DI-UMONS : Dépôt institutionnel de l’université de Mons

Recherche transversale
(titres de publication, de périodique et noms de colloque inclus)
2020-10-20 - Travail avec promoteur/Doctorat - Anglais - 170 page(s)

Laraba Sohaib , "Deep Learning for Skeleton-Based Human Action Recognition", Dutoit Thierry (p) , Tilmanne Joëlle , soutenue le 2020-10-20

  • Codes CREF : Sciences de l'ingénieur (DI2000), Informatique mathématique (DI1160)
  • Jury : Siebert Xavier (p) , Gosselin Bernard , Sahli Hichem, Taleb-Ahmed Abdelmalik, Wannous Hazem
  • Unités de recherche UMONS : Information, Signal et Intelligence artificielle (F105)
  • Instituts UMONS : Institut de Recherche en Technologies de l’Information et Sciences de l’Informatique (InforTech), Institut NUMEDIART pour les Technologies des Arts Numériques (Numédiart)
  • Centres UMONS : Centre de Recherche en Technologie de l’Information (CRTI)
Texte intégral :

Abstract(s) :

(Anglais) Human action recognition from videos has a wide range of applications, including video surveillance and security, human-computer interaction, robotics, health care, etc. Nowadays, 3D skeleton-based action recognition has drawn increasing attention thanks to the availability of low-cost motion capture devices, and accessibility of large-scale 3D skeleton datasets, in addition to real-time skeleton estimation algorithms. In the first part of this thesis, we present a novel representation of motion capture sequences for 3D skeleton-based action recognition. The proposed approach consists of representing the 3D skeleton sequences into RGB image-like data and leveraging recent convolutional neural networks (CNNs) to model the long-term temporal and spatial structural information for action recognition.
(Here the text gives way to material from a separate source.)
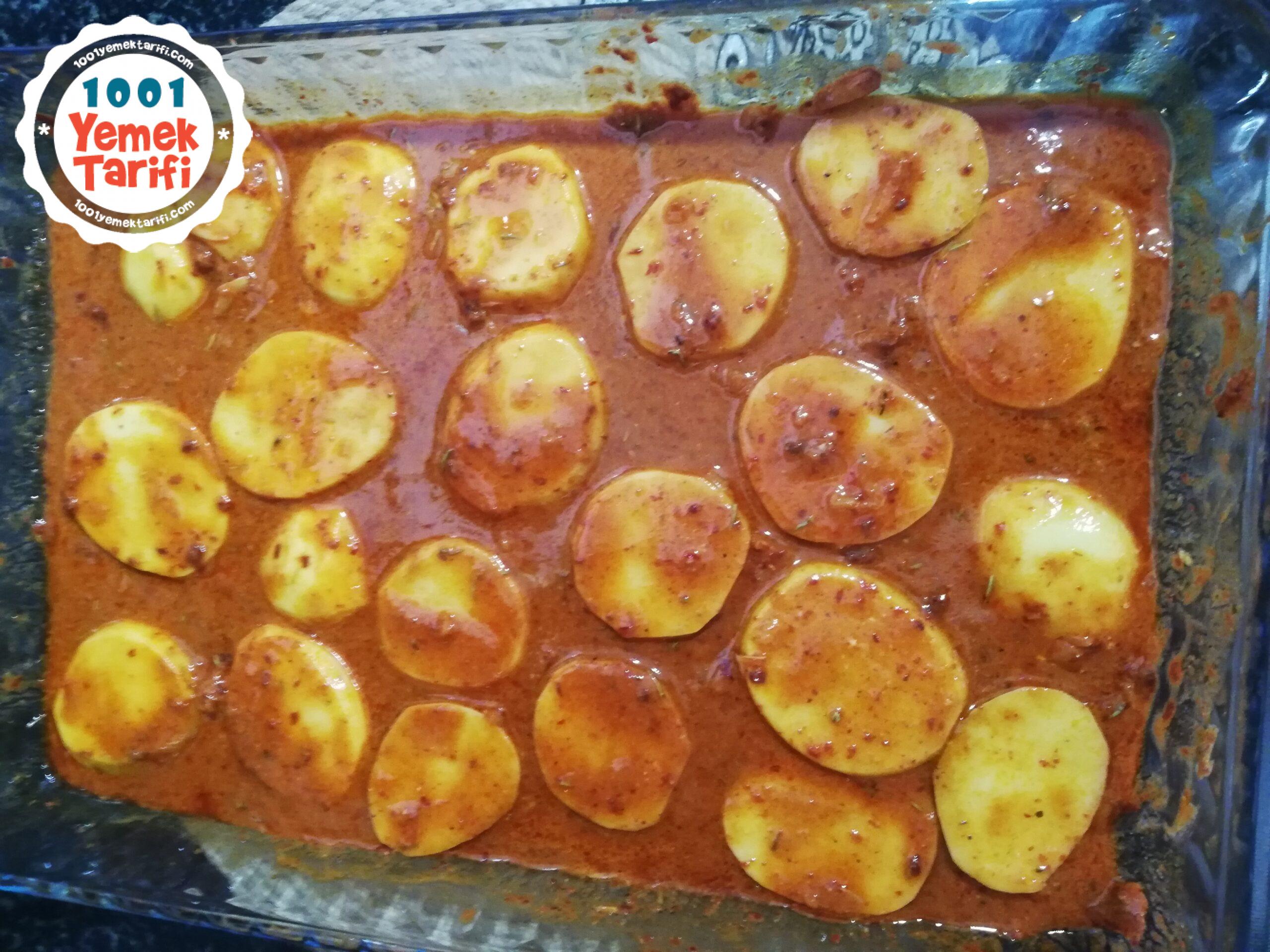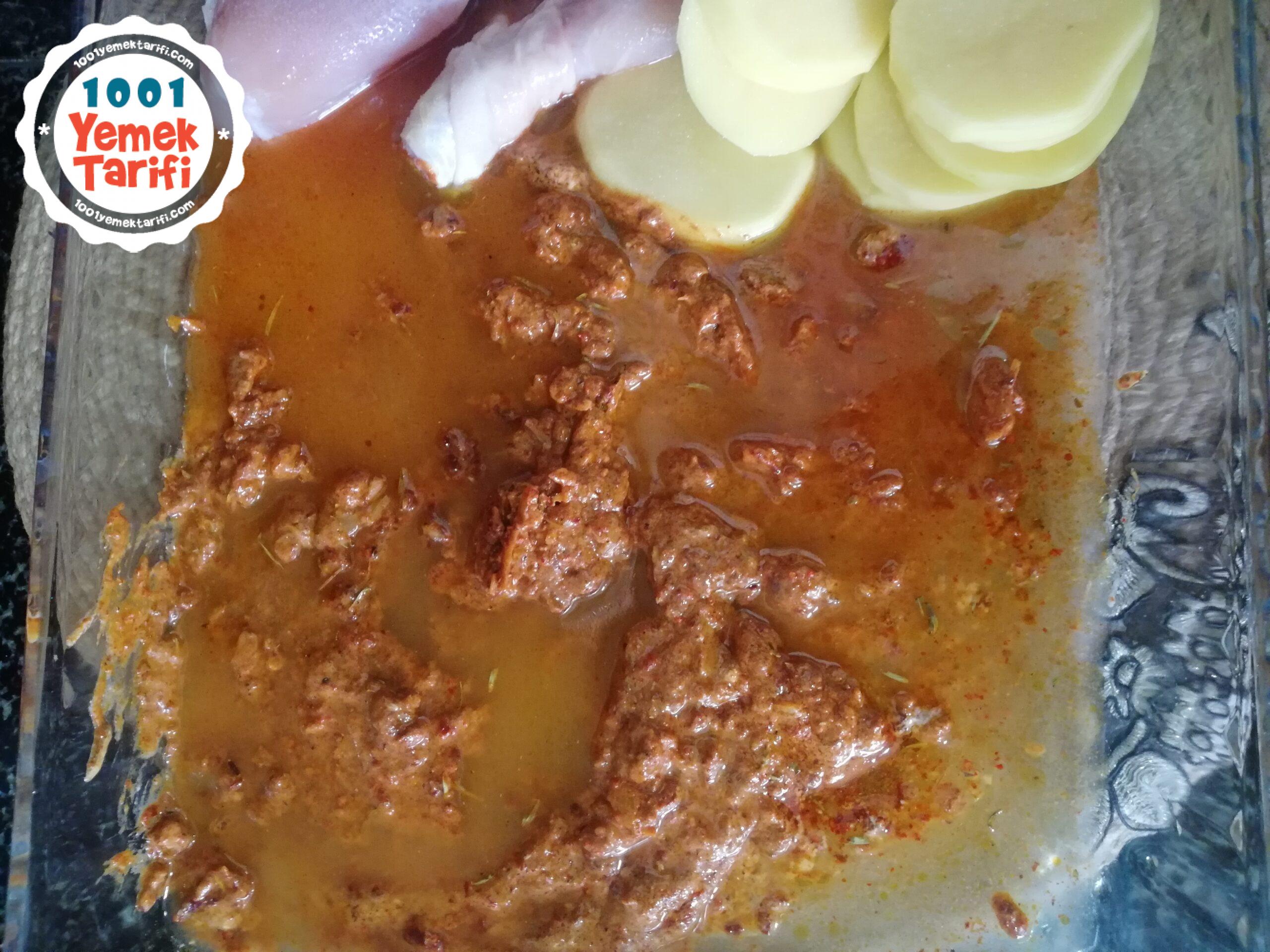 - Patateslerimizi ve butlarımızı iyice sosla yalım ve alta patatesleri dizelim.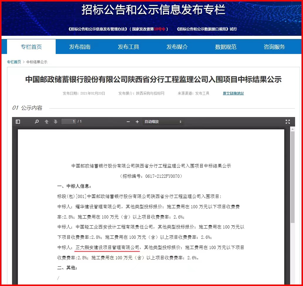 2021年2月,經評標委員會評定,招標人確認,正大鵬安建設項目管理有限公司入圍中國郵政儲蓄銀行股份有限公司的“中國郵政儲蓄銀行股份有限公司陜西省分行工程監(jiān)理”項目。

Extensive experiments have shown the superiority of the proposed approach over the state-of-the-art methods for 3D skeleton-based action recognition. In order to extract skeleton sequences, different devices extract first the depth information using multiple technologies (stereo, time-of-flight, etc.), then 3D skeleton poses are extracted using different algorithms. In the very late years, new researches proposed to extract skeleton sequences directly from RGB videos. The most precise methods extract 2D skeletons in real-time and with high accuracy. In the second part of this thesis, we leverage these tools to extend the use of our proposed approach to RGB videos. We first extract 2D skeleton sequences from RGB videos, and then, following approximately the same process as in the first part, we use CNNs for human action recognition. Different experiments showed that the proposed method outperforms different state-of-the-art methods on a large benchmark dataset. Another contribution of this thesis relates to the interpretability of deep learning models. Deep learning models are still considered alchemy due to the lack of understanding of their internal operations. Interpretability is a crucial task to understand and trust the decisions made by the machine learning model. Thus, we propose in the third part of this thesis to use CNN interpretation methods to understand the behavior of our classifier and extract the most informative joints during the execution of a particular action. This method allows us to see from the CNN point of view the most important joints, and understand why certain actions are confused by the proposed classifier.